[Start of section]

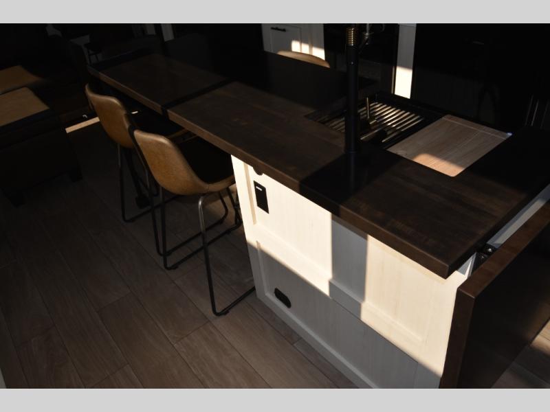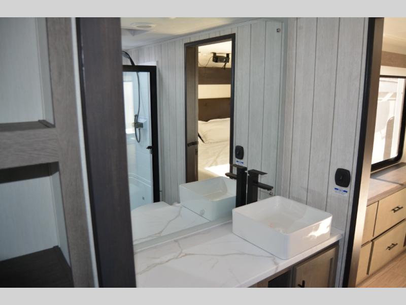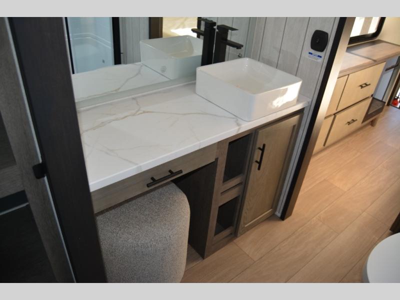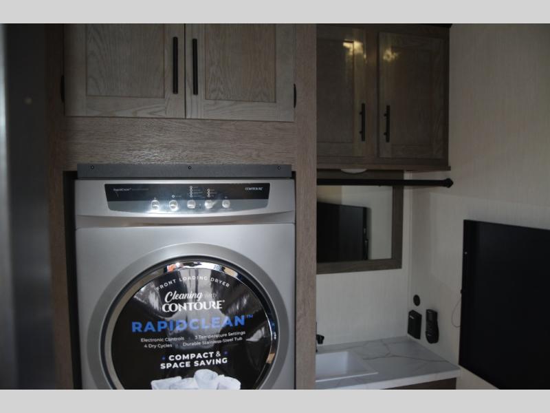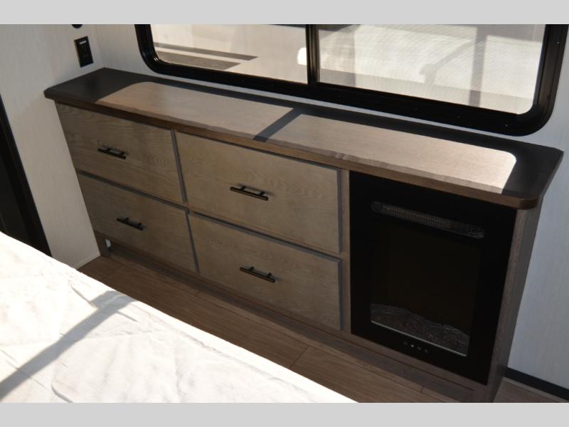 This thoughtfully arranged floorplan is built for extended stays and easy daily living. The rear lounge centers around an L-shaped sectional facing the entertainment wall and fireplace, with a nearby desk for work or hobbies. The kitchen’s island anchors a generous prep area, oversized pantry, and full cooking suite, so meals are simple whether you’re weekending or full-timing. Mid-coach, the guest half bath is convenient for all. Up front, the private bedroom’s king bed slide connects to a spa-style bath with large shower and dressing space, plus a substantial wardrobe to keep clutter out of sight. Outside, enjoy the campsite under dual power awnings that stretch along the patio side.
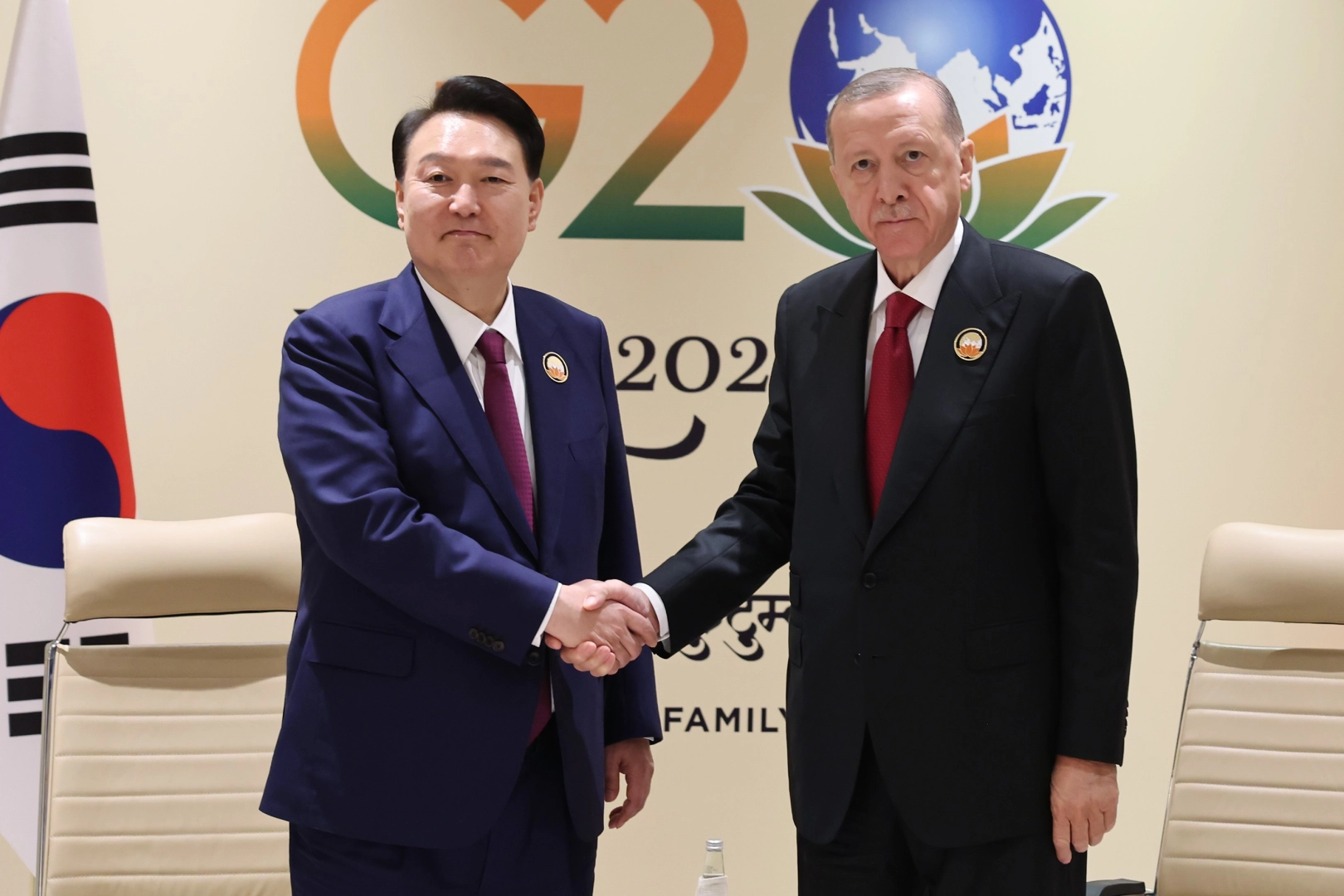 Cumhurbaşkanı Erdoğan, Güney Kore Devlet Başkanı Yoon Suk-Yeol ile bir araya geldi. Görüşmede, Türkiye-Güney Kore ikili ilişkileri ele alınırken, mevcut ilişkileri geliştirecek adımlar ile iki ülkeyi ilgilendiren bölgesel ve küresel meseleler hakkında da görüş alışverişinde bulunuldu.
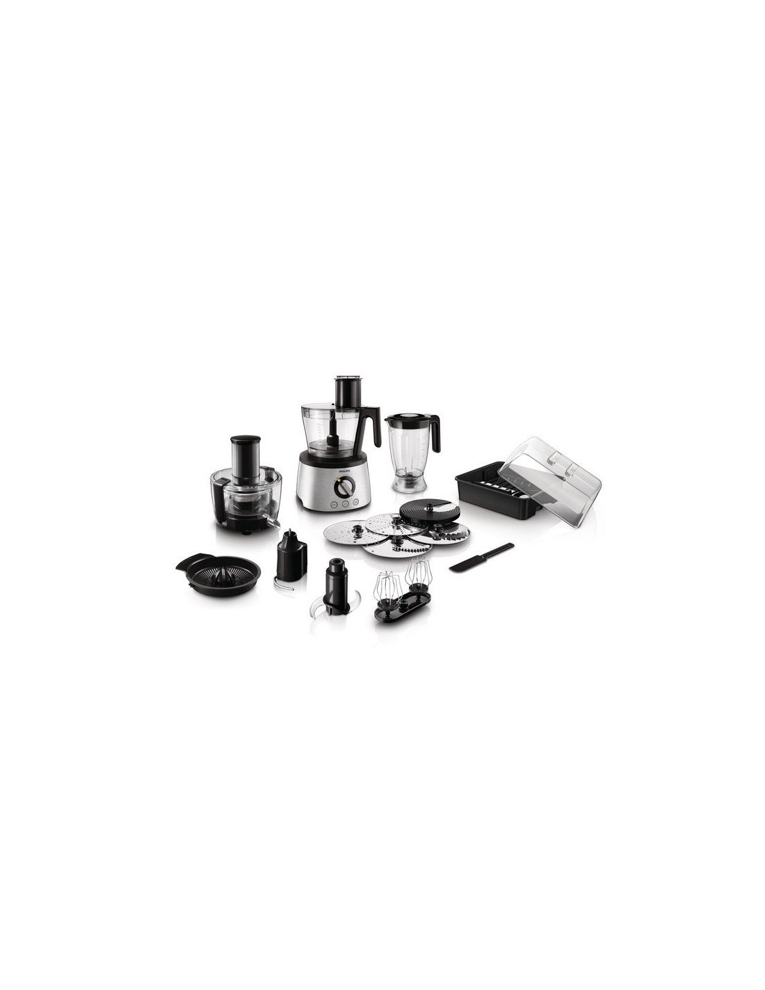French fries disc, julienne cutter disc, chopping blade, spatula attachment, balloon beater, kneading tool, granulating disc, adjustable slicing disc (1-7 mm), reversible shredding disc (fine/coarse) |
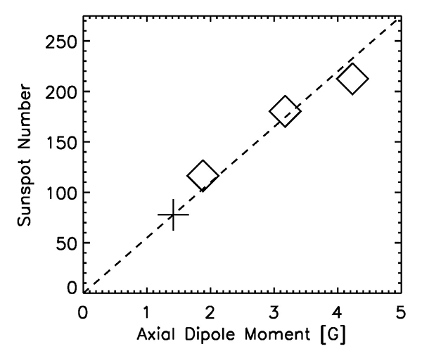 Fig. 2 : Prediction of the maximum sunspot number in the Cycle N compared with the strength of the polar field indicator at the activity minimum in the Cycle N-1.
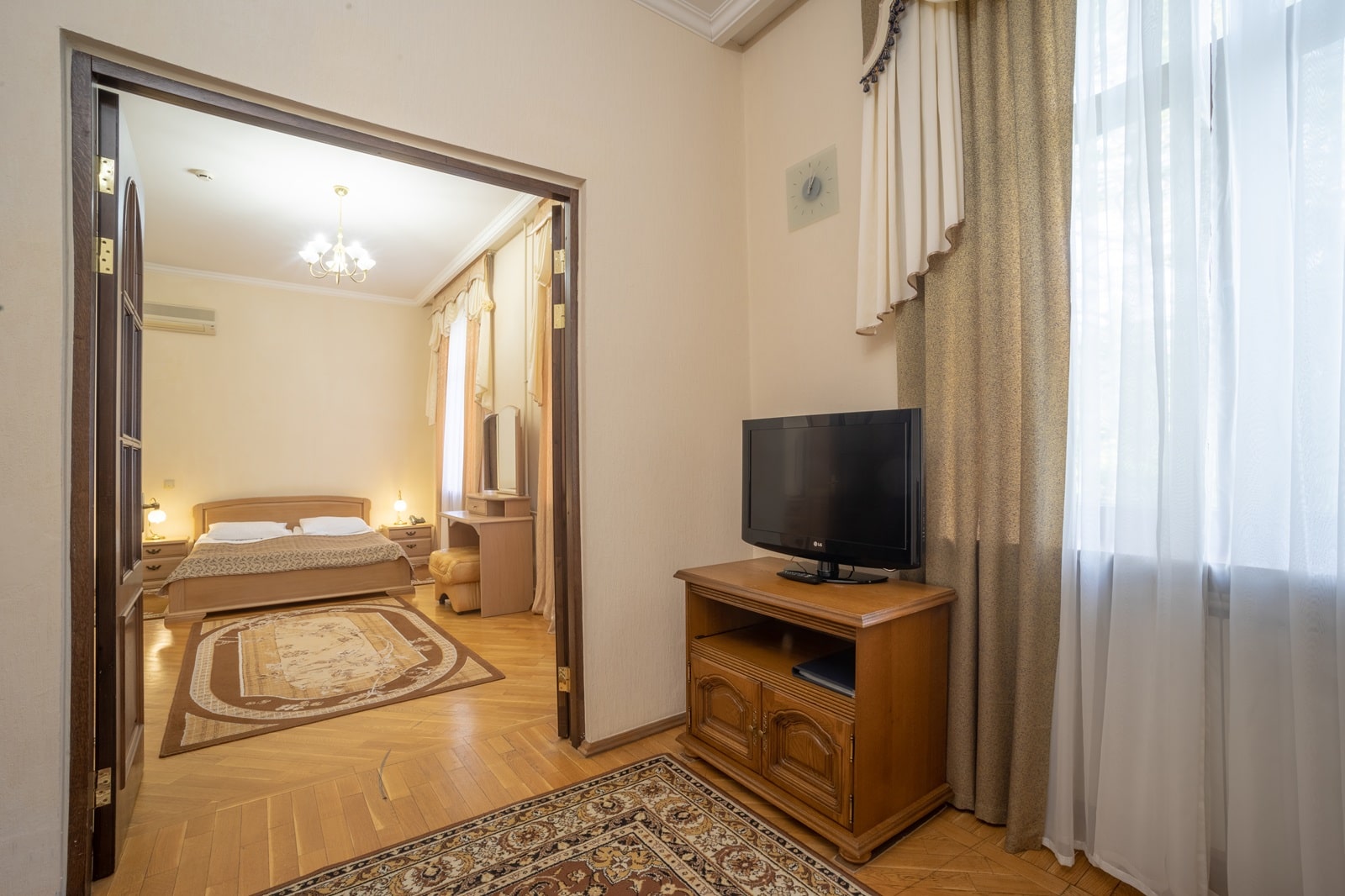 Площадь номера - 30-32 кв.м. 2 осн. места. 2 доп. места. Мебель: вешалка, диван раскладной, зеркало, кресло, кровать двуспальная, прикроватные тумбочки, пуфик, стол, столик журнальный, тумба под телевизор, шкаф. Оборудование: мини-холодильник, сейф, сплит-система, телевизор, телефон, чайный набор посуды, электрочайник. Санузел: с душем, туалетные принадлежности, фен. Сервис: Wi-Fi бесплатно, смена полотенец, смена постельного белья, уборка номера, услуги внутренней телефонной связи.
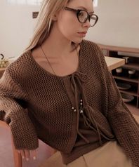 클래식 리본 자수 가디건

[End of section]

Begin the copy at the line containing "Площадь номера - 30-32" and end it at the last line of the records; transcribe exactly and exclude pictures.

 Площадь номера - 30-32 кв.м. 2 осн. места. 2 доп. места. Мебель: вешалка, диван раскладной, зеркало, кресло, кровать двуспальная, прикроватные тумбочки, пуфик, стол, столик журнальный, тумба под телевизор, шкаф. Оборудование: мини-холодильник, сейф, сплит-система, телевизор, телефон, чайный набор посуды, электрочайник. Санузел: с душем, туалетные принадлежности, фен. Сервис: Wi-Fi бесплатно, смена полотенец, смена постельного белья, уборка номера, услуги внутренней телефонной связи.
 클래식 리본 자수 가디건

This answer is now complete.